U.S. Presidential Campaigns and the National Vote

Foreword Review — Mar / Apr 2000

Political pundits frequently attribute an election loss or victory to a “regrettable gaffe, the brilliant maneuver, the key endorsement or the bungled strategic move.” Although images of Reagan’s “there-you-go-again” put down of President Carter, President Ford declaring that there is no Soviet domination of Eastern Europe and Richard Nixon’s “secret plan” for winning the Vietnam War are strongly associated with the winners and losers of the elections of 1980, 1976 and 1968, Campbell, professor of political science at State University of New York at Buffalo, spent ten years researching presidential campaigns to dispute the over importance attached to what he terms these unsystematic campaign effects.

The author, through his “Theory of the Predicable Campaign,” demonstrates his contention that political science is not just concerned with explaining elections but also predicting their outcomes. According to his theory, presidential campaigns are constrained by the widespread partisanship of the electorate: approximately eighty-five percent of the electorate is Republican or Democrat. Political parties are stronger and voters are less independent than perceived. Campaign effects are variables that can be historically quantified and used as predictors of elections.
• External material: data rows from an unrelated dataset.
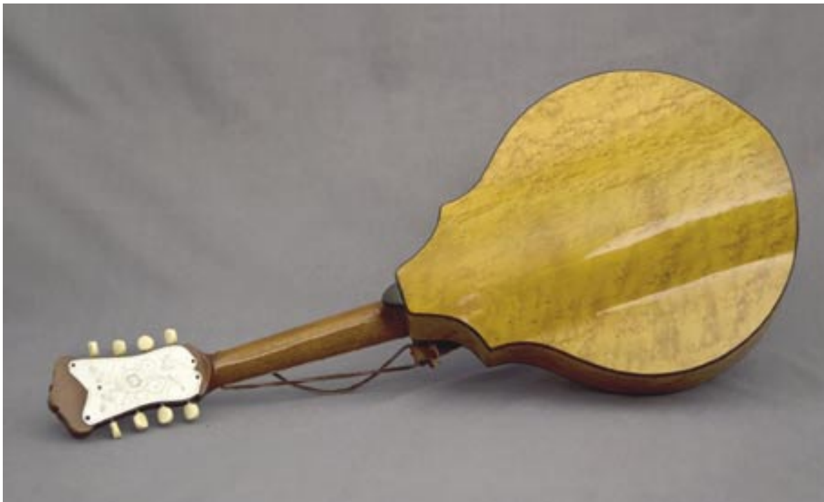
The back of a Vega cylinder-back Mando-lute.

Through the 1920s and 1930s there were also many more basic instruments built with flat backs, often using a bent soundboard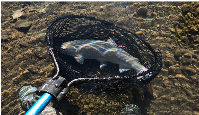
A wild adult coho salmon is returned from conservation hatchery and released back into the Garcia River to

This conservation rearing effort closely mirrors the actions taken in 2001 to help revive Coho Salmon in the Russian River watershed, in Sonoma County, when their numbers had declined to less than a dozen returning adults. A conservation rearing program there used a similar breeding matrix to ensure the greatest genetic variability for their offspring. As a result of this conservation-based breeding program at Warm Springs Hatchery, and continuing efforts to improve fish habitat, during the winter of 2017-2018 the program had its best year of returns to date and upwards of 700 adults returned to spawn.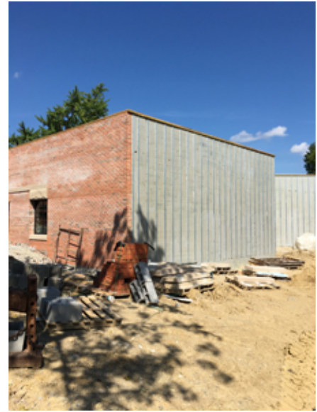
2018.10.01 – Installation of the exterior masonry is nearly complete.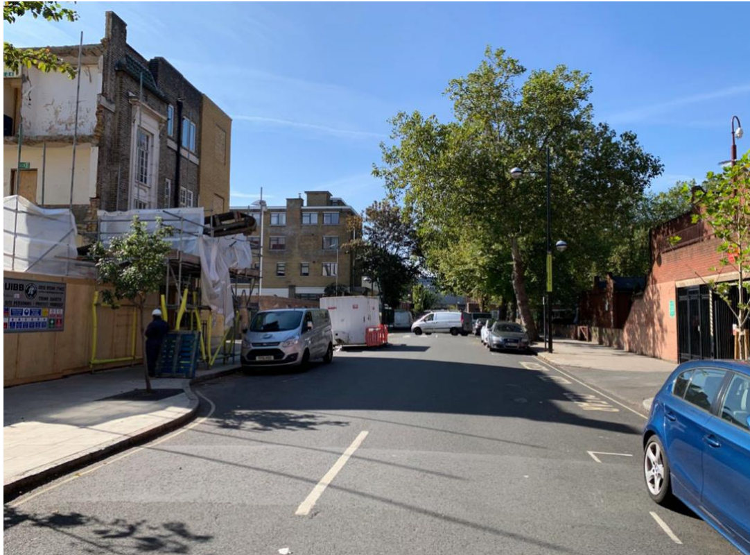
View of Phoenix Road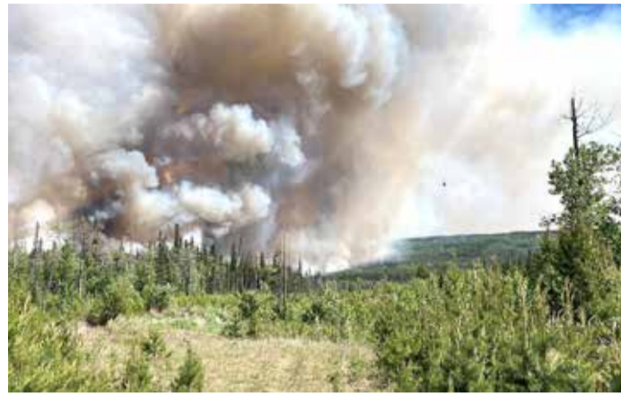
Smoke from the West Kiskatinaw River and Peavine Creek wildfires in the Dawson Creek Zone, British Columbia, Canada

Larger and more powerful wildfires than ever have scorched some 3.8 million hectares of Canadian forests and displaced tens of thousands of residents in recent weeks.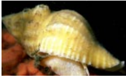
Atlantic Oyster Drill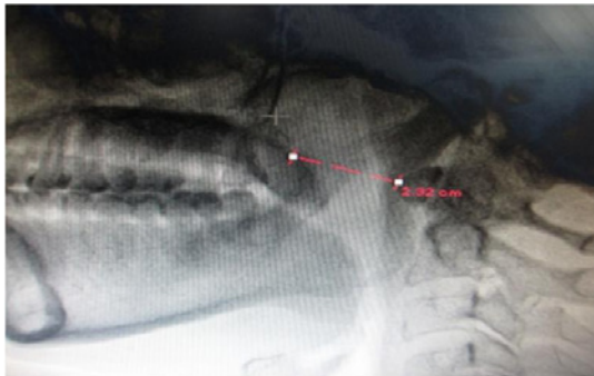
Figure 4: Linear measurements -The maximum distance of the velar midpoint, at rest from the anterior arch of the atlas.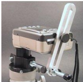
The EZ-Pix™ Digital Camera Holder

The AdaptaView™ is a very universal adapt that will fit many eyepieces with removable rubber eyeguards that have a top diameter of 1.75" or less. Fits many TeleVue and 2" eyepieces. Since it is designed to fit eyepieces that are larger than a T-Thread it does allow some spacing between the camera lens and eyepiece lens. Recommended only for eyepieces with long eye relief and cameras that have smaller lenses to reduce vignetting. This adapter is "T" threaded so you will need the correct components to couple it to your camera. It is compatible with the Digi-T™ system parts. This adapter is suitable for use with Newtonians and Refractors since it does not require extra back focus.

The ones he identifies are the narrowing gap between the leading candidate and his challengers, the state of the election year economy and the advantage of incumbency, which provides little advantage to a candidate whose party has been in office for two consecutive terms.

Systematic campaign effects, notes Campbell, only produce an average of a four percent shift in the total vote. Actually, from 1960-1980 incumbency was viewed more as a liability: Ford (1976) and Carter (1980) were defeated, Johnson (1968) chose not to run for a second term and Nixon (1972) was forced to resign in 1974. From 1868 through 1996, however, incumbents have won in fourteen of twenty-one elections.

Americans, rightly or wrongly, hold presidents responsible for the state of the economy. This systematic campaign effect works to the incumbent’s advantage when economic conditions are favorable, but as Jimmy Carter learned in 1980, can be the leading contributor to a loss during a recession. The narrowing of the frontrunner’s lead, the most predictable campaign effect, has been positively demonstrated in twelve of the last thirteen elections.

Campbell reveals, in this rigorous analysis of voting behavior aimed at political scientists and advanced students, that although the impacts of campaign effects are limited, they have been decisive in one of every five to six elections. Candidates that account for the narrowing of the frontrunner’s lead, the election year economy and incumbency can more effectively plan their campaign strategies. Campaigns, over all, are limited in influence and predictable, but important because they stimulate voter interest and encourage candidate responsiveness.